Strutt & Parker’s 2019 annual Harvest Yields Survey shows that yields were higher in 2019 for all the main crops, with the average winter wheat yield at 9.9 tonnes/hectare, 17 per cent higher than in 2018 and 7 per cent higher than the five-year average.
First-wheat yields were 4% higher than the five-year average at 10t/ha, with second wheats 15% better at an average of 9.8t/ha.
Winter barley also performed better than in 2018 with yields 14% higher at 8.8t/ha. Spring barley yields were up 23% on 2018 levels and 9% above the five-year average.
Winter oilseed rape averaged 3.4t/ha which is only 1% higher than in 2018 and 1% higher than the five-year average, with cabbage steam flea beetle (CSFB) infestations and a dry spring both impacting on yields.

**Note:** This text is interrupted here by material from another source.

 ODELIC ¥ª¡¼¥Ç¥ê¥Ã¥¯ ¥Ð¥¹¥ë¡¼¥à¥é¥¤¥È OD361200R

The average spring bean yield was 3.8t/ha, 36% higher than the 2018 average, with winter beans also rising by 32% on the previous year. Rainfall in June was the crucial difference between the 2018 and 2019 crops, with the drought of 2018 causing a drastic reduction in yield.

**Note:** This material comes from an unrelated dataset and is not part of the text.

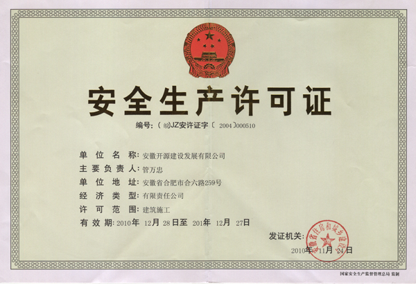 安徽开源建设发展有限公司安全生产许可证

First-wheat yields were 4 per cent higher than the five-year average at 10t/ha, with second wheats 15 per cent better at an average of 9.8t/ha.
The survey covers 110,600ha, spread over 137 farms mainly located in the East of England, Midlands and South East England.

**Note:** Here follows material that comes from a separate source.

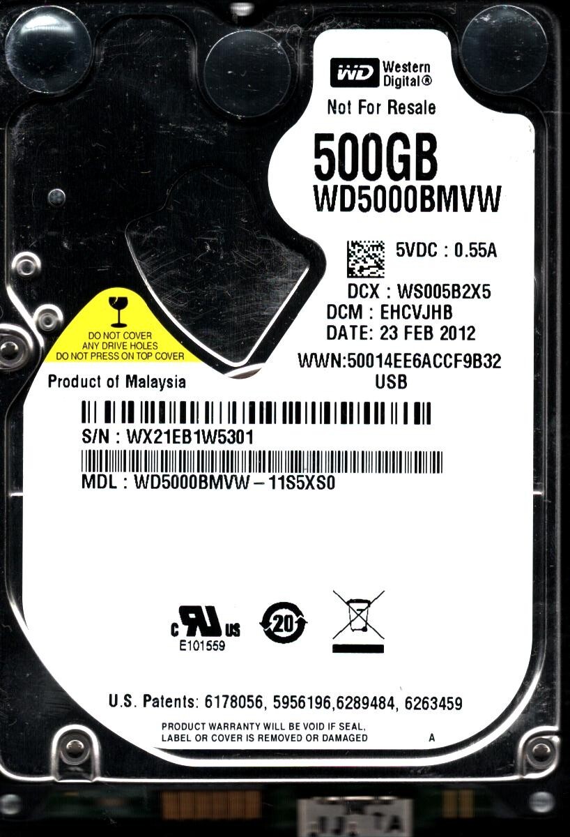 WD5000BMVW-11S5XS0 S/N:WX21E DCM:EHCVJHB WESTERN DIGITAL 500GB MALAYSIA FEB 2012

Tom FitzGerald, Strutt & Parker consultant and agronomist, said: “2019 was a year characterised by good establishment of autumn crops, but with low winter rainfall. This meant that spring crops could be drilled far earlier than in 2018, which undoubtedly helped the uplift in yields.
“The wetter weather from the start of June helped to secure yields of most crops, although frequent rain events and showers during the harvest period did mean harvest was generally slow and many growers saw increased drying costs as a result.
“Looking at the crops in terms of their financial performance, the dry spring allowed many growers to reduce their fungicide spend on wheat crops considerably, relying more on varietal resistance than on chemistry. But despite this fall in variable costs and significantly higher yields, net margins are likely to be lower as a consequence of lower commodity prices than in 2018.”